### AVAILABLE DATA:

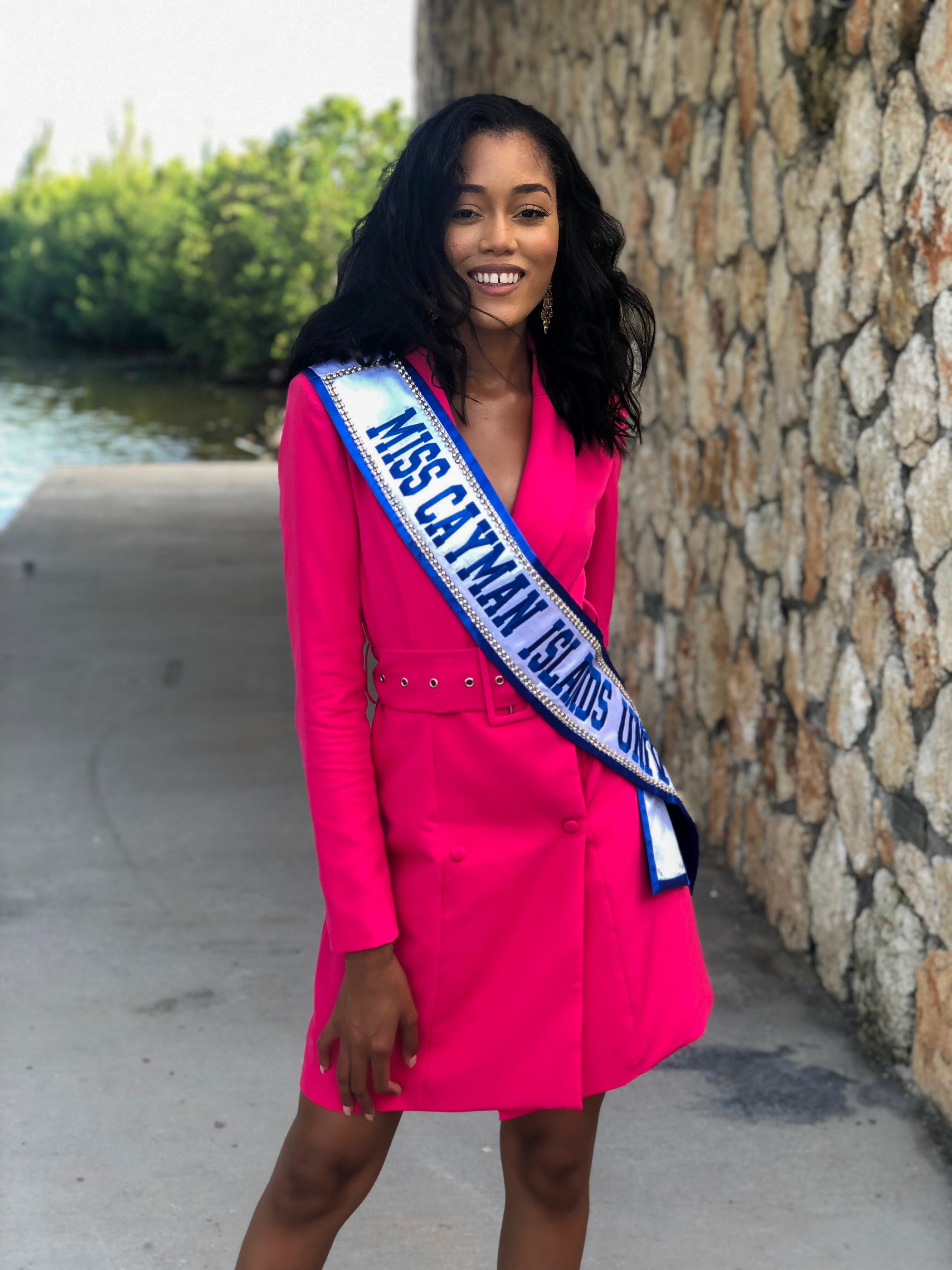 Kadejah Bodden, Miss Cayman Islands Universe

* * *

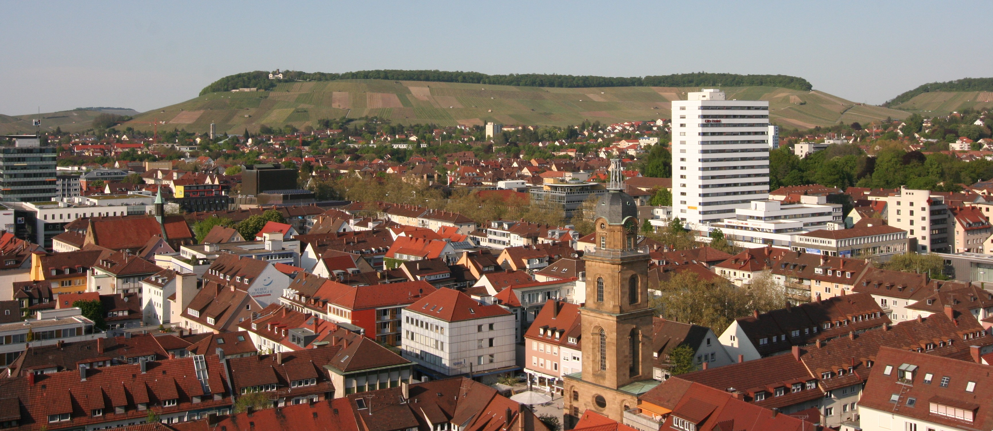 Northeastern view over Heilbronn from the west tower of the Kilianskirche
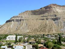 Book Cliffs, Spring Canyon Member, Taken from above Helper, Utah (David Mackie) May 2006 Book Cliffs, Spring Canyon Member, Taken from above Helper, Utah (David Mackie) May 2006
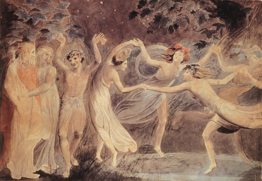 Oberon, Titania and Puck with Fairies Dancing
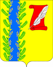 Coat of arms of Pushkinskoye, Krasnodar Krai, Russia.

### WHAT YOU SHOULD DO:
Go down the entries above from the line containing "Northeastern view over" to the line containing "Coat of arms" and write out each line exactly, leaving pictures out.

### RESPONSE BELOW:
 Northeastern view over Heilbronn from the west tower of the Kilianskirche
 Book Cliffs, Spring Canyon Member, Taken from above Helper, Utah (David Mackie) May 2006 Book Cliffs, Spring Canyon Member, Taken from above Helper, Utah (David Mackie) May 2006
 Oberon, Titania and Puck with Fairies Dancing
 Coat of arms of Pushkinskoye, Krasnodar Krai, Russia.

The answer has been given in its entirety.